New underwater paint by IIT-M
Jan 18 2010 , Pune
Professor AS Khanna from department of metallurgical engineering and materials science, who is also the chairman of society for surface protective coatings India (SSPC) told Financial Chronicle, “A team of researchers from our department have developed a sophisticated formulation for underwater coating for the first time in India.”
The commercial production will begin by the end of this year by Larsen & Toubro, which has funded the research, he said. The IP and branding were yet to be finalised with the company, he added.
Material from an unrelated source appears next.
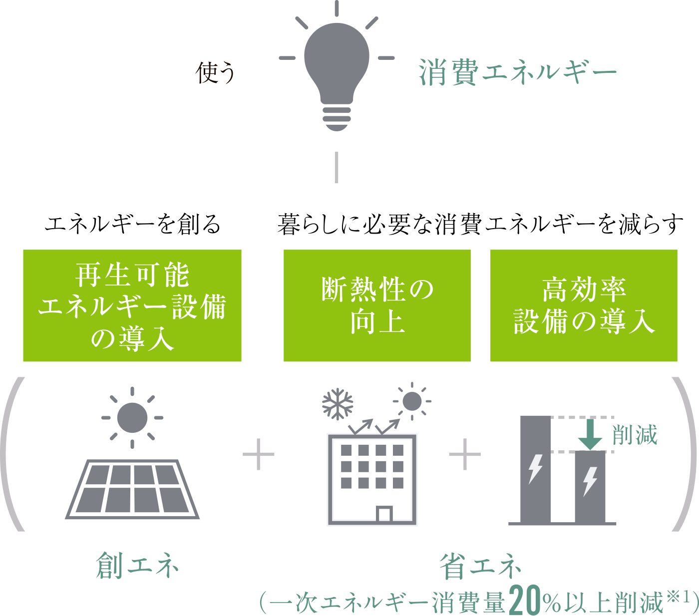 ※1 一次エネルギー消費量削減率は、平成28年度省エネ基準による「暖房」「冷房」「換気」「給湯」「照明」の基準一次エネルギー消費量との比較です。

Khanna said at present India imported underwater coating from the UK, the US, Japan and Portugal. The product’s market size in India is Rs 250-Rs 300 crore annually, he added. “The market size will more than double in less than five years when Krishna-Godavari Basin, off the Bay of Bengal, of Reliance Power and British major Cairn Energy in Barmer, Rajasthan, will go into full scale production of gas,” he said.
“The demand for underwater coating application used mainly in marine business and oil and gas companies among others will shoot up, increasing business opportunities,” Khanna said.
K J Aiyangar, SSPC secretary and general manager (protective coating), Berger Paints India, said the decorative and industrial paint market size was Rs 12,000 crore. “It is growing by 15 per cent as per Frost & Sullivan market research,” Aiyangar said, and added that the auto industry and ancillary units alone in the country consumed paint worth over Rs 2,000 annually.
Khanna has submitted a 100-page proposal to guarantee the paint of a railway arch bridge over Chennab river in Jammu and Kashmir for 35 years. According to Khanna, the Indian railways consumes 40 per cent of the decorative and high performance coatings. “The conventional painting last for 15-18 years whereas Japan has developed a hybrid system of coating to last for 25-50 years,” Khanna said.